İçişleri Bakanı Süleyman Soylu TRT Kurdi’de: İşimiz bitti
İçişleri Bakanı Süleyman Soylu, İstanbul Büyükşehir Belediyesi’ne yönelik soruşturmayla ilgili olarak, “Bizim derdimiz kayyum atamak değil zaten böyle bir derdimiz de yok. terör unsurundan arındırmak için oraya bir terör unsuru koyuyorsunuz.”
Süleyman Soylu, TRT Kurdi’de gündeme ilişkin değerlendirmelerde bulundu ve soruları yanıtladı. Soylu’nun konuşmasından satır başları şöyle:
HAKEM HİZMET GETİRDİ: İnsanlar kayyum atanmasından gerçekten çok memnun.
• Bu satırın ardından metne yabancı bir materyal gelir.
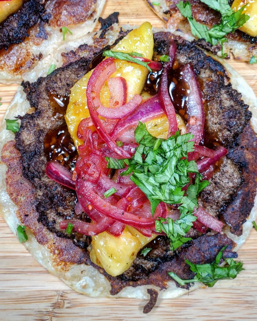 The other day I was making smash burgers for family and I stuffed a few patties into a tortilla with Teriyaki sauce, pineapple, cilantro, and red onions. They were sooooo darn tasty and while in the moment I did it on the fly, I really wanted to revisit those tacos and give them a proper go.
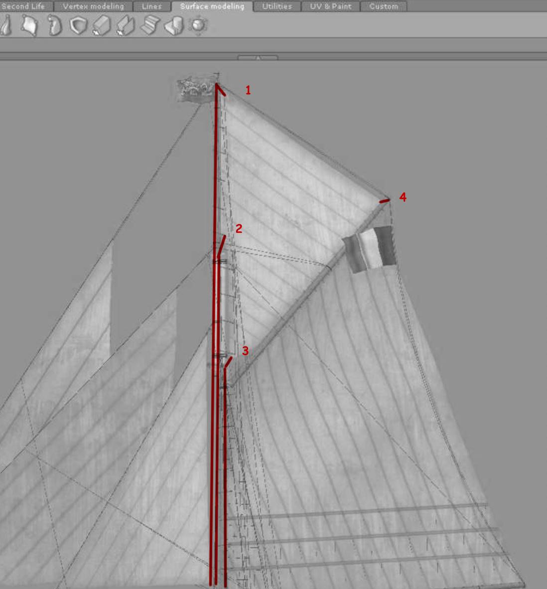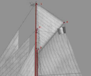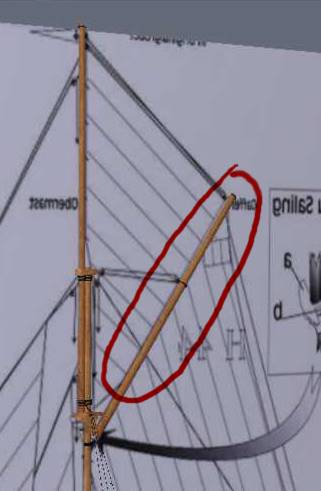 Hm, viel ist an der Stelle auf dem Plan den du gepostet hast, nicht zu erkennen,zumindest aber, daß das Segel keinesfalls am Gaffelbaum festgemacht ist (der Gaffelbaum wird beim Segelsetzen mitsamt dem Segel hochgezogen und beim Segelbergen wieder heruntergelassen ) Wenn also das Topsegel am Mast und am Gaffelbaum festgemacht ist, dann kann das Großsegel nie mehr geborgen werden (und die Manschaft wird dir beim ersten Sturm ganz schön was erzählen
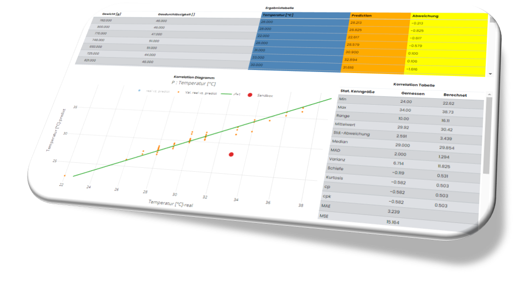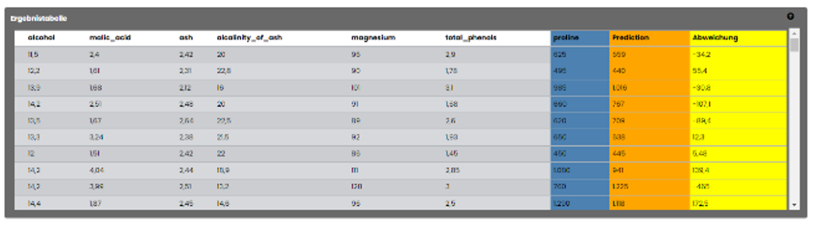 Ergebnisse ebenfalls tabellarisch angezeigt. Die Ergebnistabelle zeigt neben den realen (Trainings-)Eingangsdaten und den realen Werten des Zielparameters
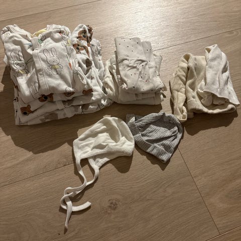 Selger en liten klespakke i strl 56. Fire bodyer og to pysjer.
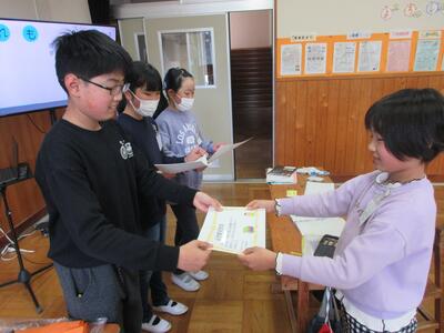 本日をもって、令和6年度の全ての教育活動が無事終了しました。1校時に行われた修了式では、子供たちが、それぞれの学年の全課程を修了したことを記した「修了証書」を受け取りました。
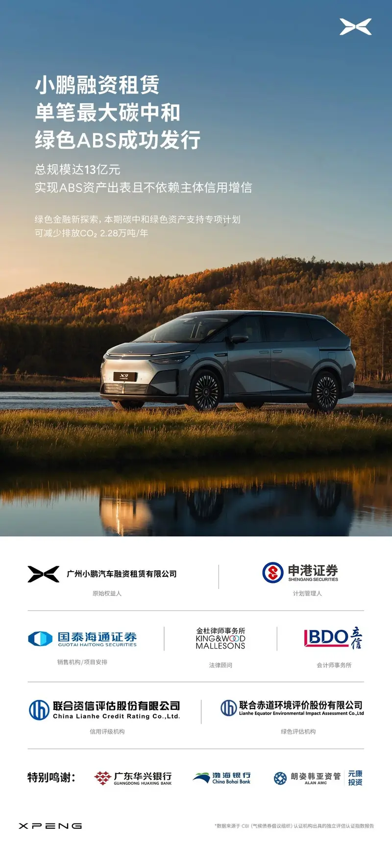 自成立以来,小鹏汽车始终将可持续发展作为企业核心责任,不仅将ESG贯穿公司战略,更通过扎实的产业实践将其贯穿研发、生产、供应链与用户服务的全链条中,以实际行动践行可持续发展。小鹏汽车本期项目的绿色等级经评定为G1(最高评级),基础资产池涉及项目预计每年可减少排放二氧化碳2.28万吨,节约标准煤1.08万吨,环境效益显著。本项目资金将专项用于新能源智能汽车等绿色资产投放,加速新能源智能汽车的普及,积极响应国家“双碳”战略目标。
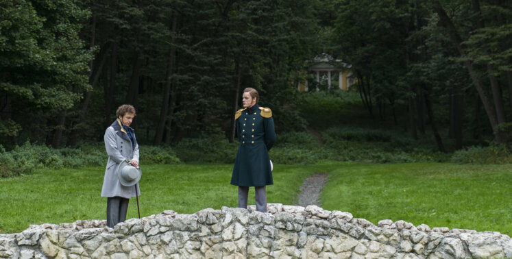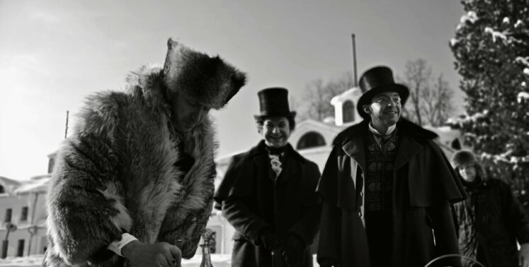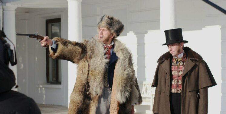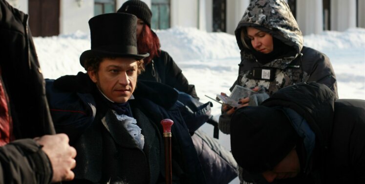 Костюмеры повторили знаменитый цилиндр, сюртуки и другие элементы одежды. Особенное внимание уделили рубашке Пушкина, которая хранится в музее Пушкина: на ней был гофрированный воротничок, который приходилось ежедневно стирать и перешивать.

Neden? Niye? Daha önceki belediyeler hizmet vermiyordu ama yıllardır ihmal edilen birçok hizmet kayyum aracılığıyla geldi. Bu pozitif konsepte dönüşme sürecini ele almak istiyorum. İkincisi İstanbul Büyükşehir Belediyesi ile ilgili gündemde olan kayyum süreci, bu da çok gündemde, görüşlerinizi merak ediyorum.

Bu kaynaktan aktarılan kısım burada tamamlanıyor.